In Germany, only plastic bags between 15 and 50 micrometers thick are banned — yet 87 per cent of bags distributed in 2022 fell into that range, underscoring widespread confusion.
Even in Kenya, often cited as a success story, progress has slowed as plastic bags enter the country from neighboring states without similar restrictions.
Lagos, Nigeria, banned single-use plastics in 2025, but residents report that poor enforcement and limited alternatives have blunted the policy’s impact.
Research from the United States suggests that large-scale or nationwide bans are more effective than piecemeal measures. Environmental law experts argue that tackling plastic country by country has become futile in a globally connected supply chain.
“We’re playing whack-a-mole,” said Ximena Banegas of the Center for International Environmental Law.
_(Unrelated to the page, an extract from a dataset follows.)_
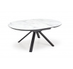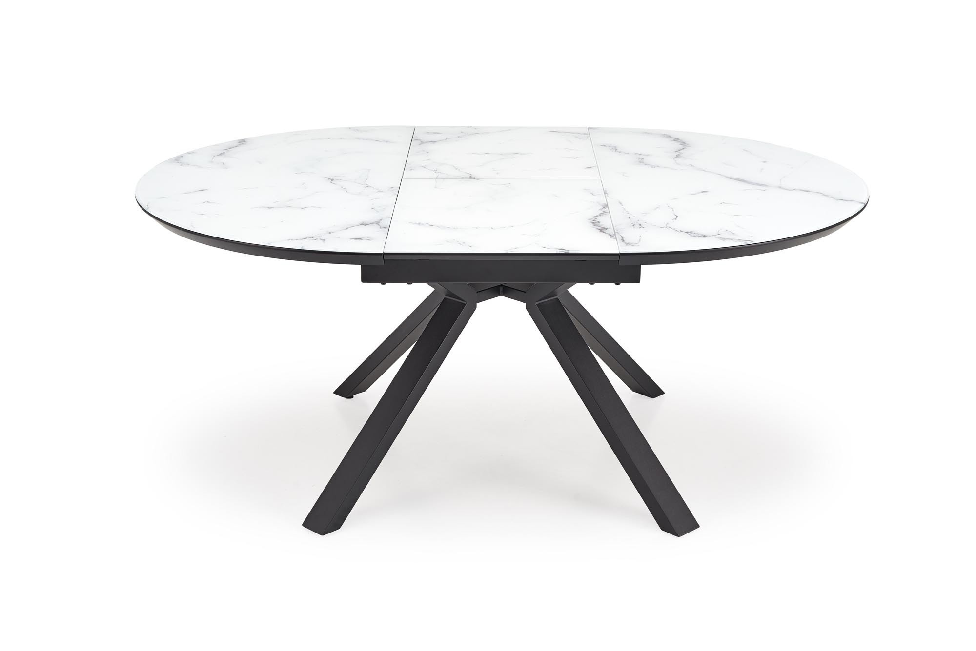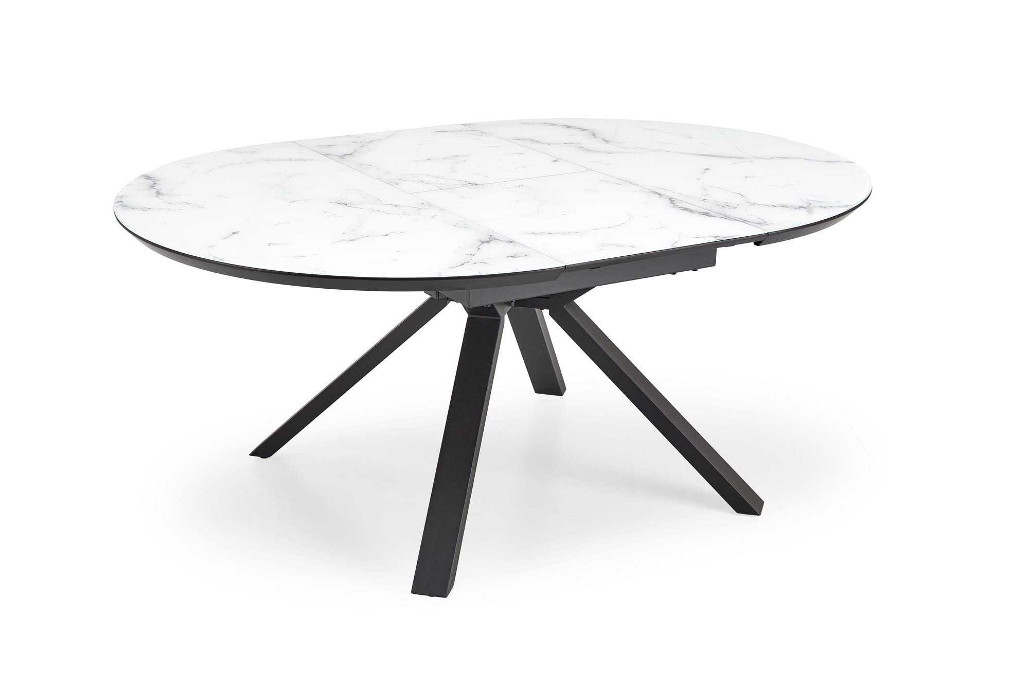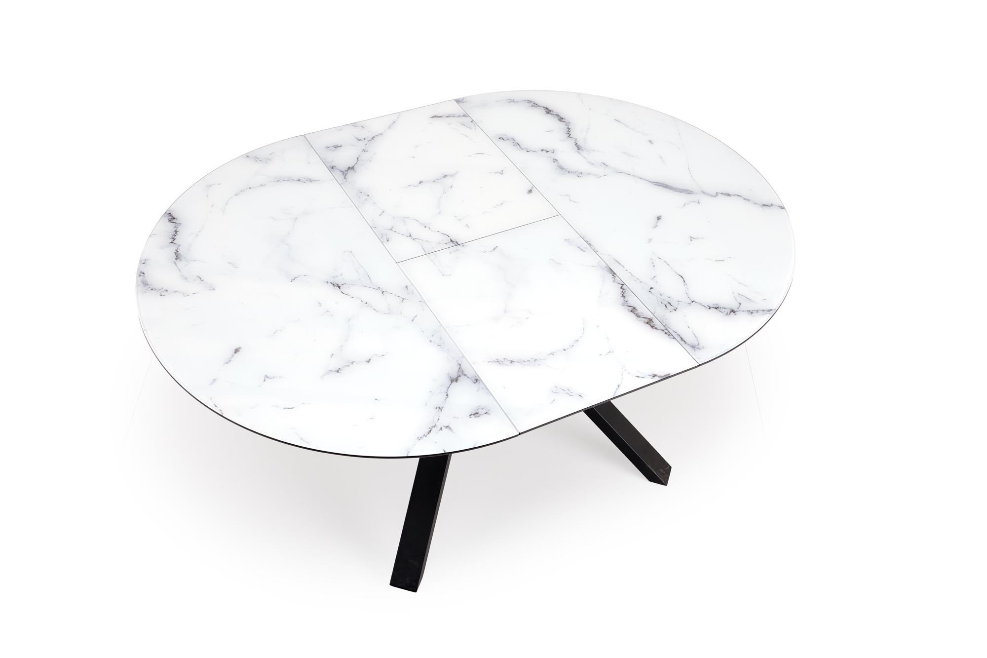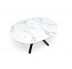 rozkládací stůl, rozměry: 130-180/130/76 cm, materiál: sklo / lakovaná MDF / práškově lakovaná ocel, barva: deska - bílý mramor, nohy - černé

She and other advocates are calling for global caps on plastic production — an idea debated at UN treaty talks as recently as August 2025.
Those negotiations exposed deep divisions.
A coalition led by Iran, Saudi Arabia, China and Russia favored national-level action focused on waste management, while Norway, Rwanda, Canada and more than 70 other countries pushed for binding global limits on production.
With positions far apart, no consensus was reached — despite the fact that about 98 per cent of plastic is derived from fossil fuels.
For scientists like Gontard, delay is no longer an option. Even modest reductions, she argues, would represent progress. “If we manage a 10 per cent cut in plastic consumption over the next decade,” she said, “that alone would be a victory.”